• [Problem]
Go through the records below from the first line and print each one exactly, stopping after the line that contains "Nas últimas semanas, Alan". Do not print pictures or anything past that line.

Entries taken from a collection

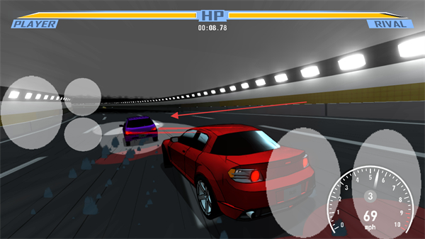 2、操控紅色車(chē)輛,在隧道中追擊紫色對(duì)手車(chē),通過(guò)按鍵調(diào)整方向。
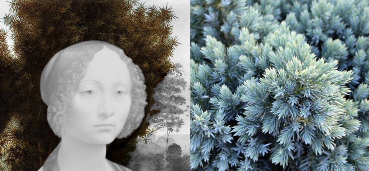 여인의 뒷배경을 장식하고 있는 검은 물체는 '순결'을 상징하는 향나무속{Ginepro}으로 여인의 이름 지네브라{Ginevra}를 암시해주는 말장난이다.
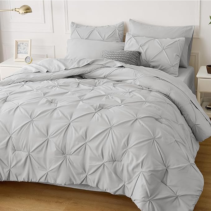 Bedsure Light Grey Comforter Set Queen - Bed in a Bag Queen 7 Pieces, Pintuck Beddding Sets Green Bed Set with Comforter, Sheets, Pillowcases & Shams
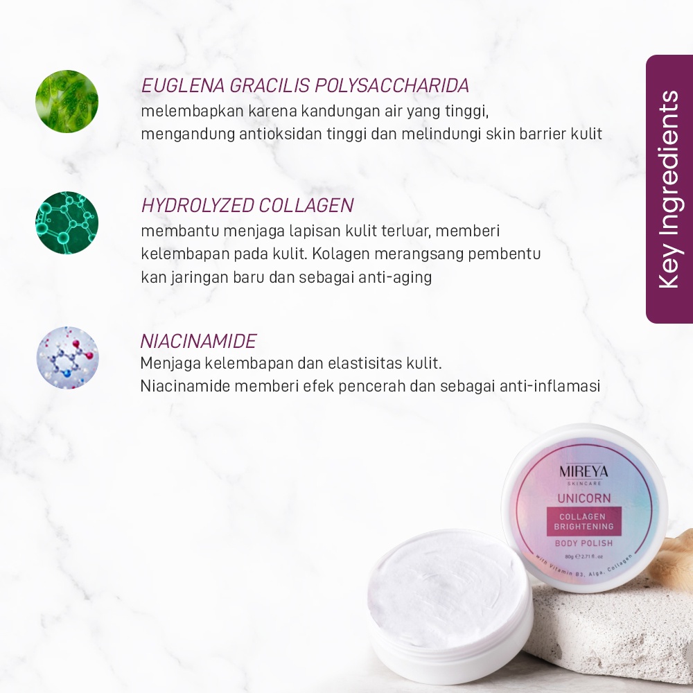 Mireya Unicorn Body Polish Collagen Brightening 80g - Lulur Mireya Collagen Body Polish Colagen Scrub Body Peeling Pemutih Pencerah Tubuh
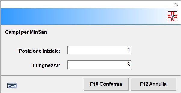 - Dopo aver aperto il file txt visualizzerai la seguente schermata all’interno della quale devi impostare la posizione iniziale e la lunghezza dei codici Minsan (importando un file txt formato da un codice Minsan di 9 caratteri devi lasciare i valori come visualizzati di default). Conferma l’operazione con .
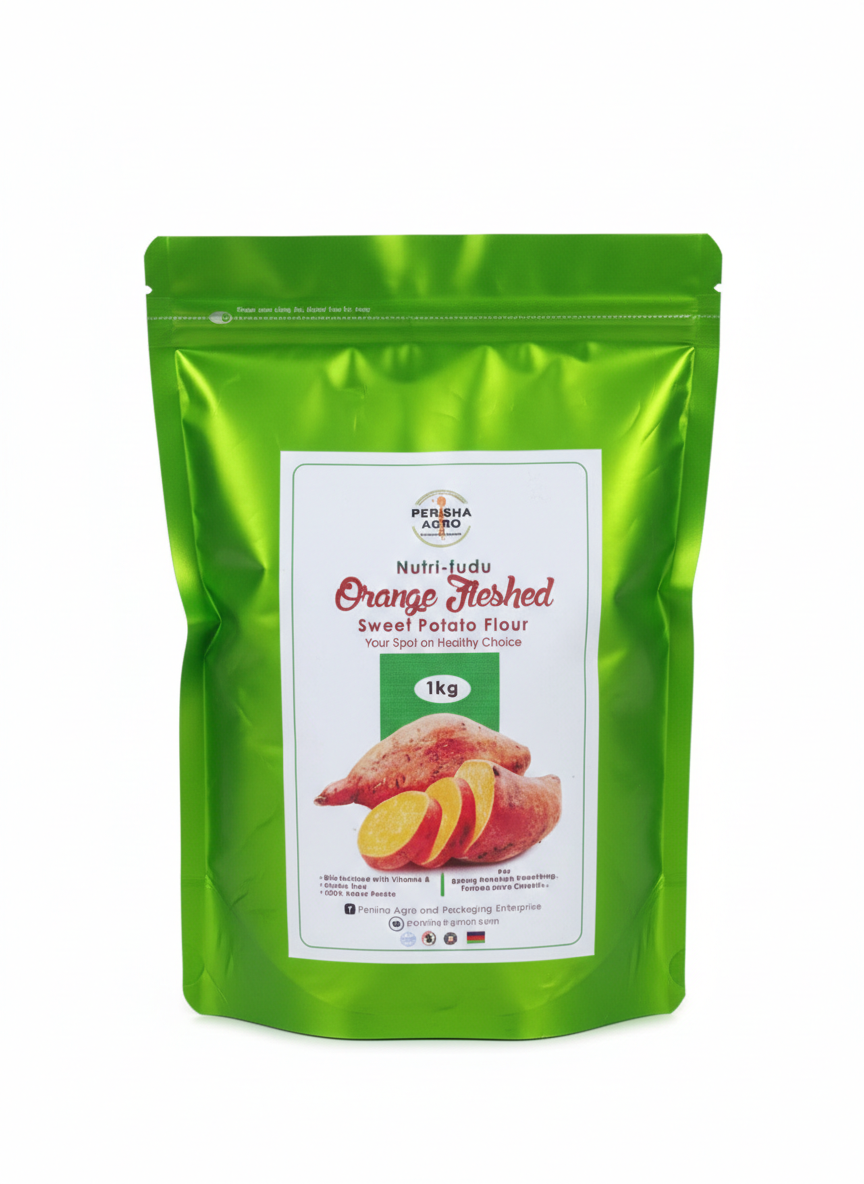 Perisha agro and packaging enterprise' sweet potato flour , biofortified with vitamin A, gluten free, 100% sweet potato
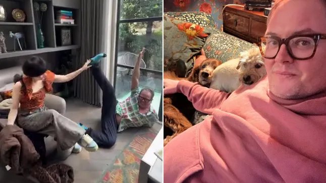 Nas últimas semanas, Alan e seu colega traidor Cat compartilharam vídeos deles em capas andando pela casa do apresentador do Chatty Man em Londres, com seu jardim modesto, sala de estar elegante, tetos altos impressionantes e bar de coquetéis.
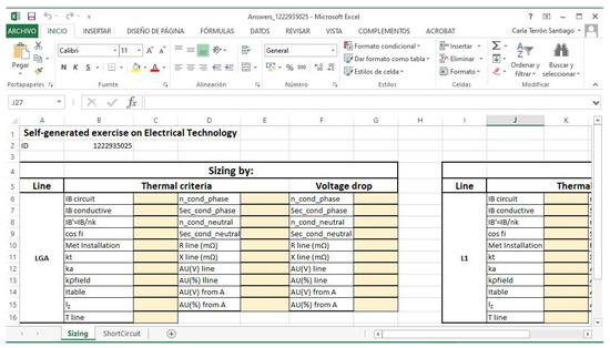 The answer spreadsheet included two tabs. The first tab corresponded to the solutions for the calculation of the sizing of the installation regarding all its wires (the general supply line, line 1, etc.), while the second tab corresponded to the solutions for the calculation of overcurrents. Both the text document and the spreadsheet displayed the identifier of the exercise they belonged to so that students could identify which exercise statement corresponds to each solution entered in the spreadsheet.
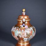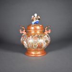 Brûle-parfum en porcelaine et pot couvert à décor de personnages en polychromie sur fond or (une restauration sur une prise et à l’intérieur du couvercle). Les anses formées de personnages acrobates. Satzuma, Japon vers 1900. Haut. : 28 cm.
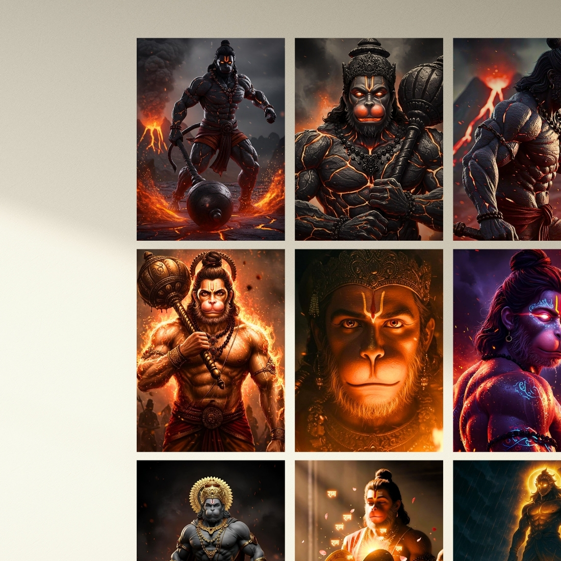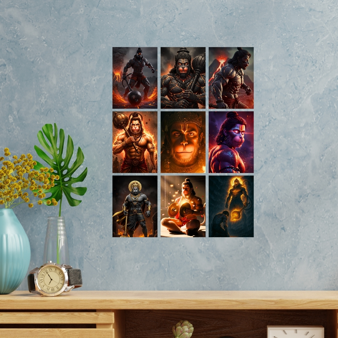 • Bajrangbali Poster Kit – 9 powerful and inspiring Hanuman Ji posters designed for divine and motivational spaces.
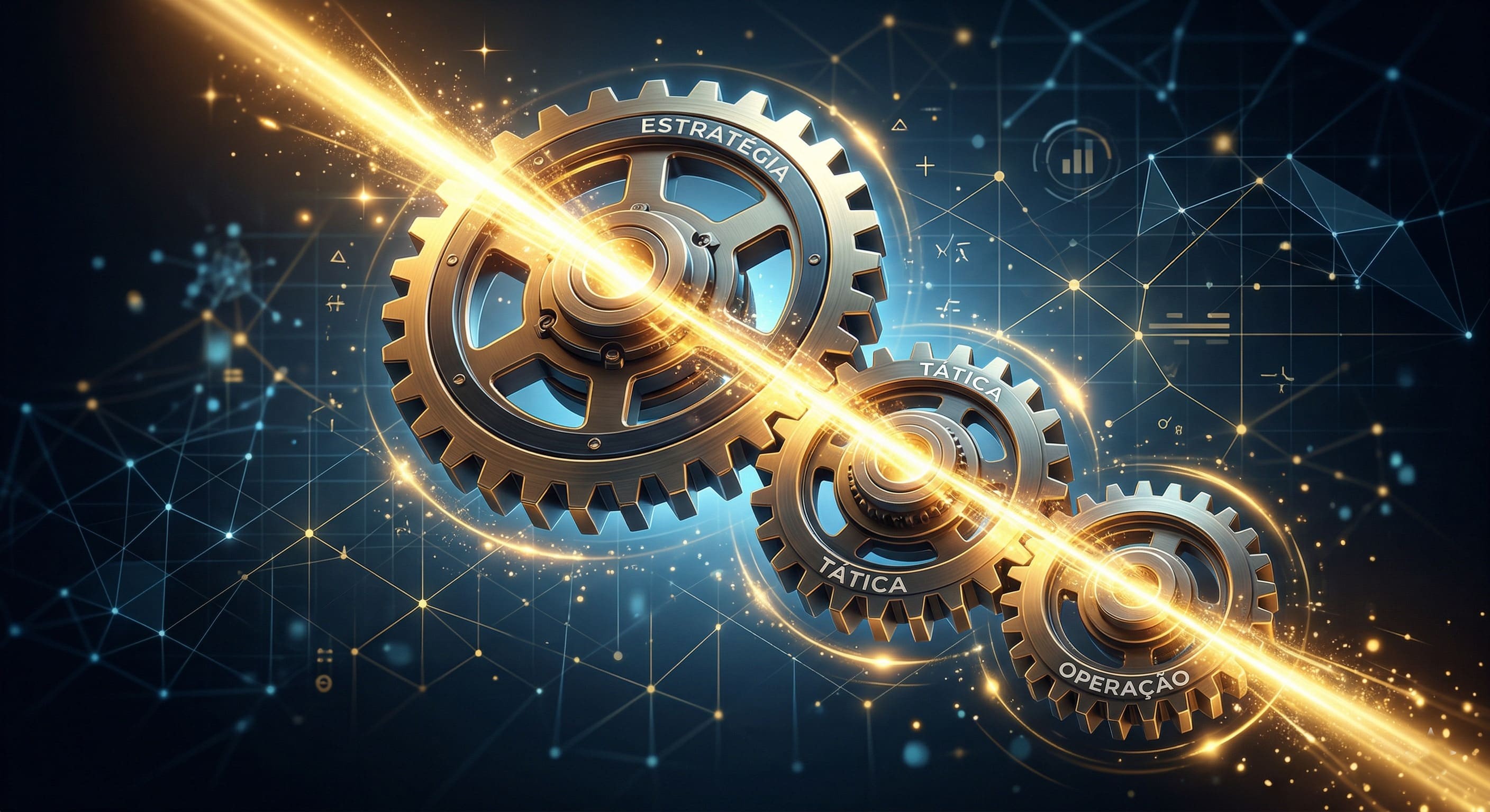 Alt Text: Engrenagens conectadas demonstrando a integração perfeita entre os níveis de planejamento estratégico, tático e operacional.
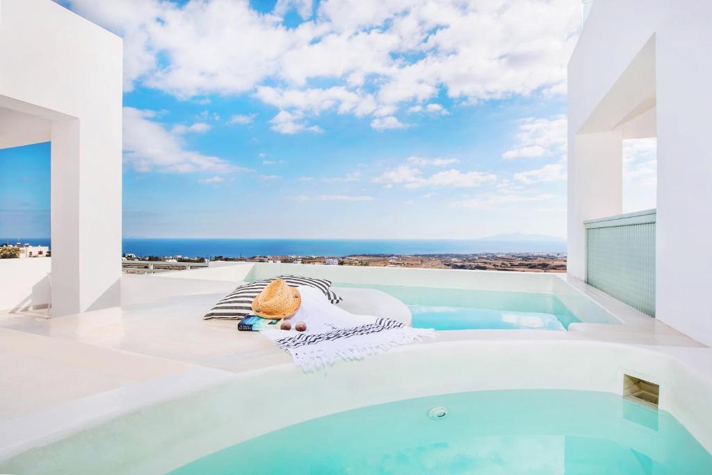 Il propose un centre de bien-être, une piscine et des chambres offrant une vue imprenable sur la mer Égée.
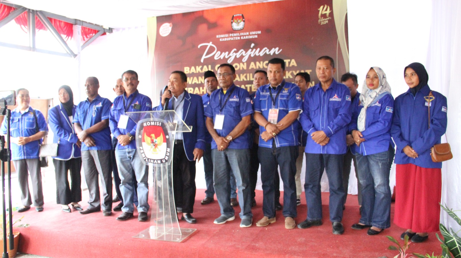 KARIMUN, kabarkarimun.co.id – Ketua DPC.Demokrat Karimun Sumardi bersama rombongan hadir ke kantor KPU Karimun dalam rangka mendaftarkan para Bacaleg yang akan mengikuti pileg 2024, Kamis (11/05/2023).
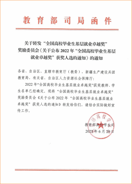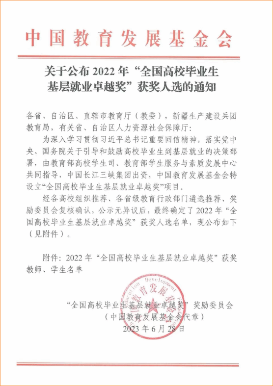 据悉,“全国高校毕业生基层就业卓越奖”由教育部高校学生司、教育部学生服务与素质发展中心共同指导,中国长江三峡集团出资,中国教育发展基金会设立项目,奖励对象为近10年全国高校赴基层就业并做出突出业绩的优秀毕业生和指导服务大学生赴基层就业的教师,该项目每年遴选一次。
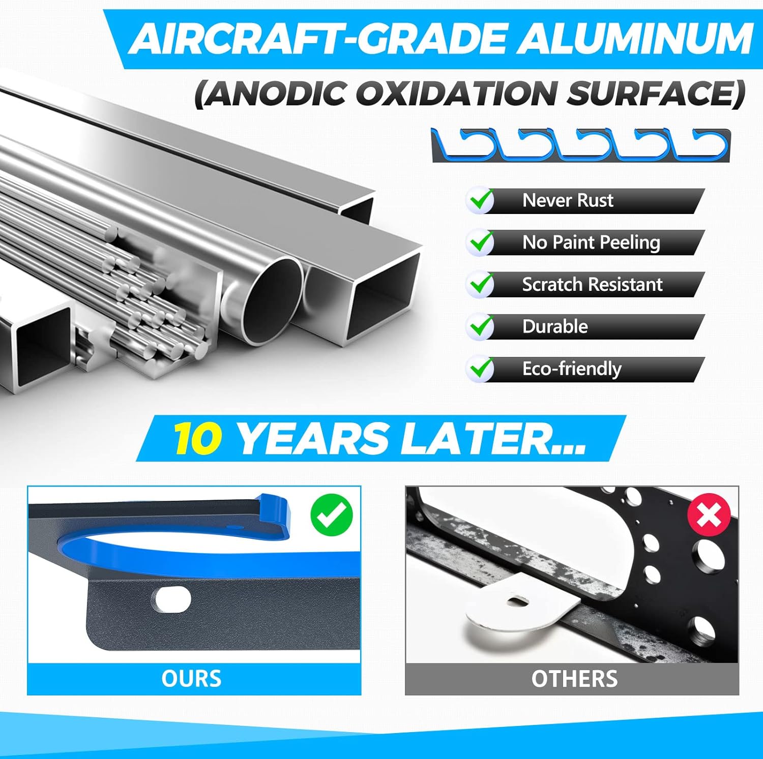 FIT ALL RODS OR COMBOS – After an amount of data research, we choose 1.77″/45mm as the diameter of the rod holders for garage, to ensure adapt to all fishing rods on the market! Including saltwater, spinning, casting, trolling fishing rods, part of fishing nets, etc. Meanwhile, one pack allow to hold up to 5 rods or combos in less than 18” of wall space. This is impossible for many other fishing rod storage on the market. The rod holders for garage maximize meet the needs of fishing enthusiasts!
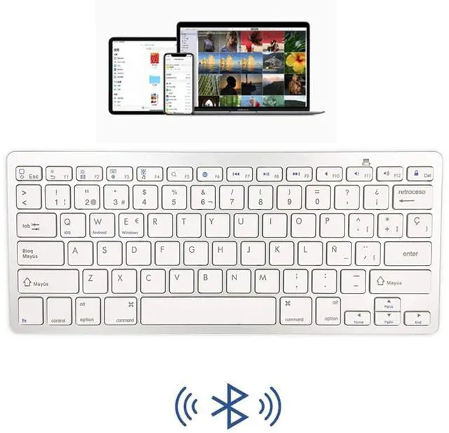 ENHANCE YOUR WORKSPACEWhether you are working from home or taking online courses, our keyboard will give you slim size, comfortable and ergonomic feel. Purpose built for Windows/Apple/Androids Systems, it features a 78-key layout, 6 multimedia keys, 10 languages, 13 shortcut keys, and visually stunning aluminum body. ^^ STRONG WIRELESS CONNECTIONConnect With Bluetooth 3.0, the cordless keyboard establishes a stable connection from up to 32ft away via Bluetooth. This eliminates excess cables and clutter, providing a clean workspace. ^^ A SOPHISTICATED TYPING EXPERIENCEEach keycap on our low profile wireless USB keyboard is designed with a concave shape and scissor flexor technology.
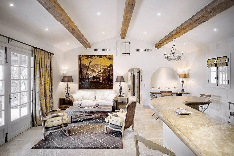 Oliviers. L'esprit du traditionnel provençal y est très présent avec ses murs tout en pierre et sa déco trés chaleureuse. Des espaces à vivre sur plusieurs niveaux et des pièces de réception ouvertes sur le parc, la piscine et la Baie de de Cannes en font un lieux villégiature idéal.
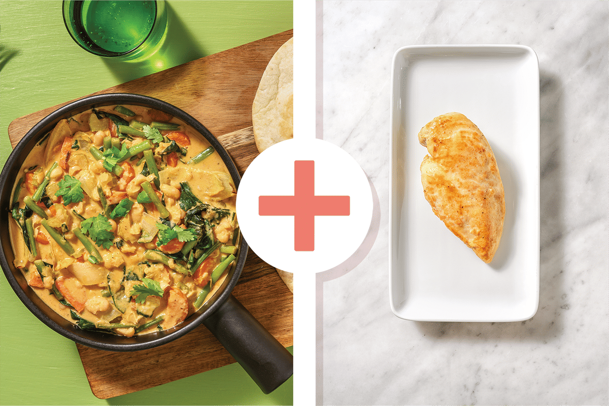 Inspired by 'harira', a traditional North African soup brimming with legumes, veggies and fresh herbs, this is no humble stew! Simmer all the goodness with creamy coconut milk and our chermoula spice blend, and scoop it up with golden, crispy flatbreads, straight from the oven. *The recent wet and cold weather across New Zealand has impacted our regular supply of fresh ingredients and as such, what you receive may be slightly different to what’s pictured. Don’t worry, your recipe will be just as delicious!*

• [Exercise response]
 2、操控紅色車(chē)輛,在隧道中追擊紫色對(duì)手車(chē),通過(guò)按鍵調(diào)整方向。
 여인의 뒷배경을 장식하고 있는 검은 물체는 '순결'을 상징하는 향나무속{Ginepro}으로 여인의 이름 지네브라{Ginevra}를 암시해주는 말장난이다.
 Bedsure Light Grey Comforter Set Queen - Bed in a Bag Queen 7 Pieces, Pintuck Beddding Sets Green Bed Set with Comforter, Sheets, Pillowcases & Shams
 Mireya Unicorn Body Polish Collagen Brightening 80g - Lulur Mireya Collagen Body Polish Colagen Scrub Body Peeling Pemutih Pencerah Tubuh
 - Dopo aver aperto il file txt visualizzerai la seguente schermata all’interno della quale devi impostare la posizione iniziale e la lunghezza dei codici Minsan (importando un file txt formato da un codice Minsan di 9 caratteri devi lasciare i valori come visualizzati di default). Conferma l’operazione con .
 Perisha agro and packaging enterprise' sweet potato flour , biofortified with vitamin A, gluten free, 100% sweet potato
 Nas últimas semanas, Alan e seu colega traidor Cat compartilharam vídeos deles em capas andando pela casa do apresentador do Chatty Man em Londres, com seu jardim modesto, sala de estar elegante, tetos altos impressionantes e bar de coquetéis.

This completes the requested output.